Warum ich diese Arbeit mache
Ein kurzer Video-Bericht
Unter folgendem Link können Sie meine Arbeit für 2023 durch Spenden unterstützen:
Fundraising-Kampagne auf Betterplace
Wiedersehen
Earth Medicine hat inzwischen einen Container direkt im Camp. Behandelt wird momentan nur dort direkt im Camp, nicht mehr in der Praxis außerhalb in Mytilini. Heute hab ich das erste
Mal im Camp Behandlungen gegeben. Es sind deutlich weniger Menschen zur Zeit in Moria untergebracht als noch im März, vorrangig aus Somalia, Nigeria, einige aus Afghanistan. Tief berührt hat mich
die Begegnung mit einem jungen Mann aus Somalia, den ich im März bereits einige Male behandeln durfte. Damals konnte er nicht laufen, hatte Lähmungserscheinungen in den Beinen und Füßen, saß im
Rollstuhl, war sehr schwach und abgemagert, so zart. Heute begegnet mir ein schüchterner Mann, hochaufgerichtet, er läuft, fährt Fahrrad, lernt Gitarre spielen, spricht inzwischen englisch.
Erlebnisse wie diese lassen mich spüren, wie wichtig es ist, diese Arbeit zu machen. Zu sehen, wie die vereint zusammen wirkenden Kräfte Hoffnung geben können und zu so unglaublichen
Fortschritten beitragen. Was für ein wunderbares Erlebnis zum ersten Tag heute im Camp.
Oktober 2022
Vorläufiger Abschied
Und wieder geht meine Zeit auf Lesbos zu Ende. Gestern habe ich am Meer gesessen, ein windiger Tag, das Wasser aufgewühlt. Das Meer, erscheint mit an diesem Ort in seinem wechselhaften
Ausdruck, so facettenreich, zwiespältig, auf dieser Insel der Extreme. Mir ist schmerzlich bewusst, dass viele Menschen, die unfreiwillig hierher kamen, es gleichzeitig als heilsam und
vernichtend erleben.

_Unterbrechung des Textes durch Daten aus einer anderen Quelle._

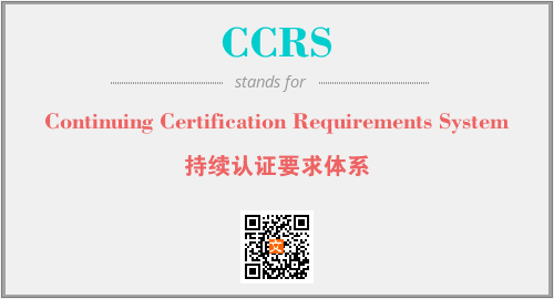 英文缩略词“CCRS”经常作为“Continuing Certification Requirements System”的英文缩写来使用,中文表示:“持续认证要求体系”。本文将详细介绍英文缩写词CCRS所代表英文单词,其对应的中文拼音、详细解释以及在英语中的流行度。此外,还有关于缩略词CCRS的分类、应用领域及相关应用示例等。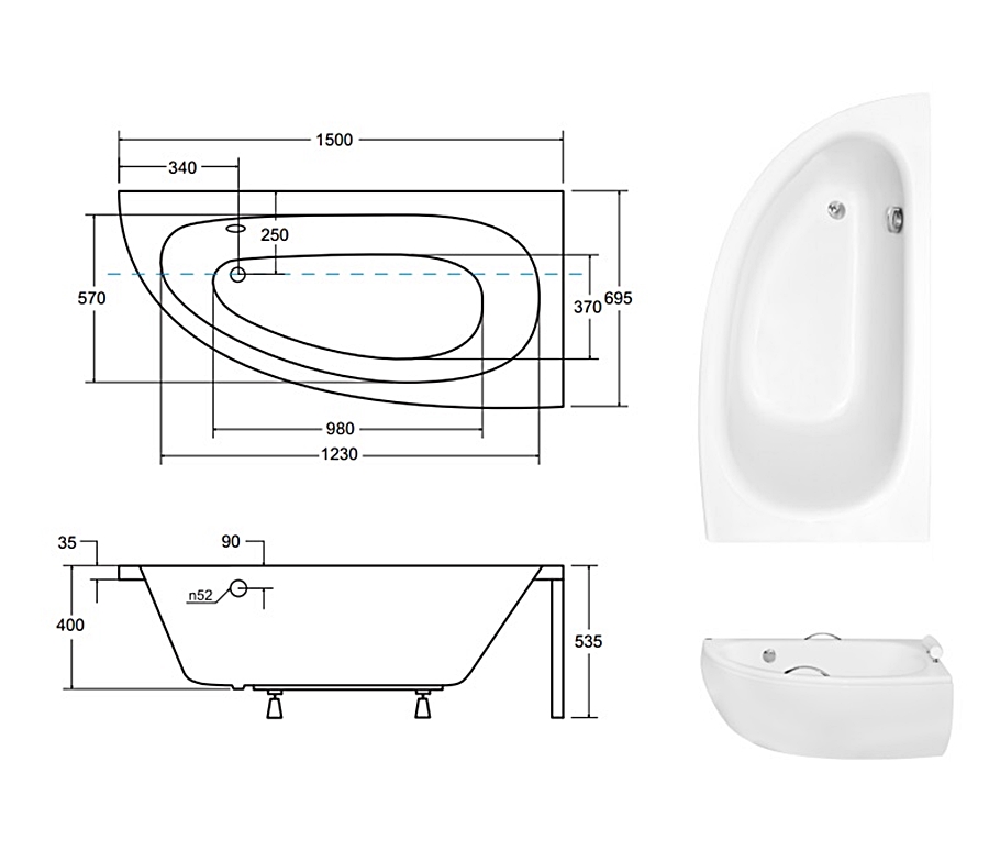 Ванна додатково комплектується ніжками та обудовою.
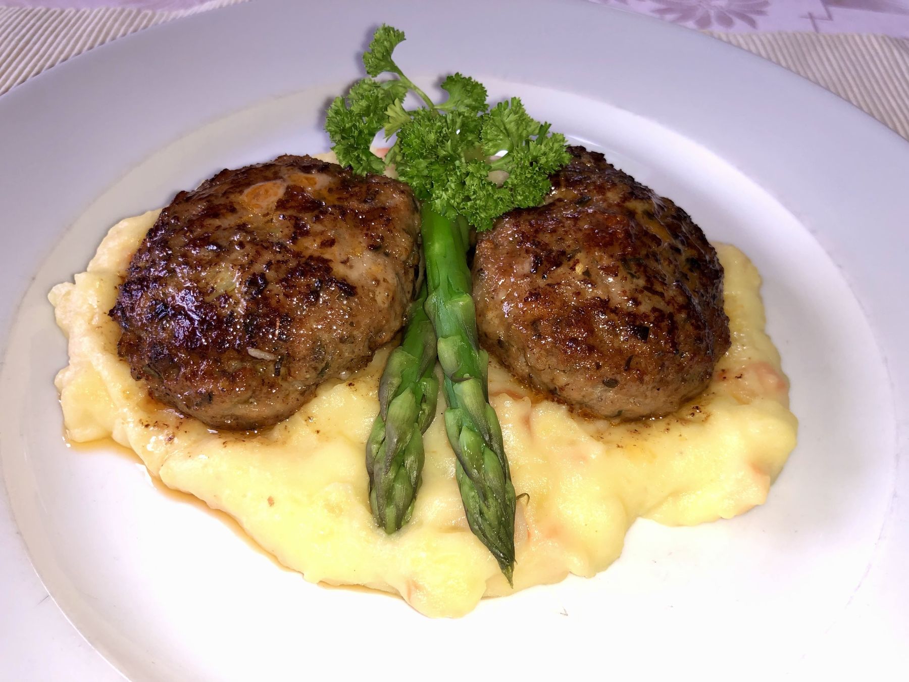 Zwiebel fein schneiden und in Butterschmalz anbraten. Bratwürstelbrät aus dem Darm drücken, eingeweichte Semmeln gut ausdrücken und alle Zutaten für die faschierten Laibchen zusammenmischen und gut durchkneten. Pikant abschmecken, mit nassen Händen Laibchen formen, in Semmelbröseln wälzen und in Butterschmalz herausbraten.

Ich versuche Worte zu finden – etwas von dieser Welt hier mitzuteilen, in die ich eintauche.
Mein Herz verbindet sich an diesem Ort, in der Arbeit als Heilerin mit so vielen wunderbaren Menschen auf so vielen verschiedenen Ebenen. Vielmehr: es fühlt sich an, als würde Verbindungen
auf der Seelenebene hier viel leichter und müheloser entstehen als anderswo. An diesem Ort als Heilerin arbeiten zu dürfen, ist ein Geschenk: so viel Liebe, Achtsamkeit, Dankbarkeit und
Vertrauen fließen zu mir zurück, dass ich mich voller Lebensintensität fühle und zutiefst dankbar für die Fügungen des Lebens, die mich mit diesem Ort und diesen Menschen zusammenführen.
Die Fortschritte der Heilungsprozesse, die meist aus dem Zusammenwirken unterschiedlicher Ansätze heraus entstehen, sind faszinierend in ihrem Tempo zu beobachten. Es ist wunderschön zu
erleben, wie Menschen, die ich vor vier Monaten noch von viel Leid gezeichnet erlebte, erstarkt sind, ihre Fühler ausstrecken, wieder neu ins Leben hinein.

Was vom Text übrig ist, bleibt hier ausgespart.